I’ve got a little project for the weeks. To hook up an ESP32 to its internal serial port and a Shelly energy monitor for its power supply so I can export the raw data to home assistant.

According to the daikin app we used 48kwh heating the hot water for September including the legionella cycles. That cost me ~£3.36 as I do it all overnight at 7p/kwh. It’s in the ball park based on what I have seen from my solar system which is monitoring total house usage.

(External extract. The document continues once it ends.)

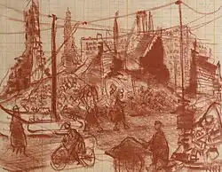 During the end of the Second World War, Kessell was based in Germany having been commissioned by the War Artists Advisory Committee, WAAC, as an official British war artist.[2] Just three female war artists worked abroad during World War II; as one of them, Kessell was asked to document refugees "moving through Europe in the aftermath of the German surrender".[3][7] She spent six weeks in Germany, from 9 August 1945 to 20 September, where she made charcoal drawings of refugees as well as keeping a diary of her experiences.[2][8][9]

The gas standing charge alone would have cost double that.

I use cheap over night electric to do as much of the heavily lifting as I can rather than aiming for the highest possible efficiency as it’s cheaper to run. Hot water is done overnight and I heat the house back up from set back temperatures earlier and heat the house a little hotter in that period to make the best use of that 7p price electric.

If you were going for maximum efficiency, you’d do your hot water in mid afternoon when the air temperature is at its highest and the heat pump was getting some direct sunlight.
 
Here’s me just running mine to 55°c at 05:00 and 17:00.

Think I’m going to have to rethink that. I’m not on an eco7 tariff so will try heating it once during mid day and see if that’s enough for me.
 
55c is pretty hot for a heat pump, ideally you’d want it at 50 or below.

That does the mid-tank sensor get down to just before the reheat cycle?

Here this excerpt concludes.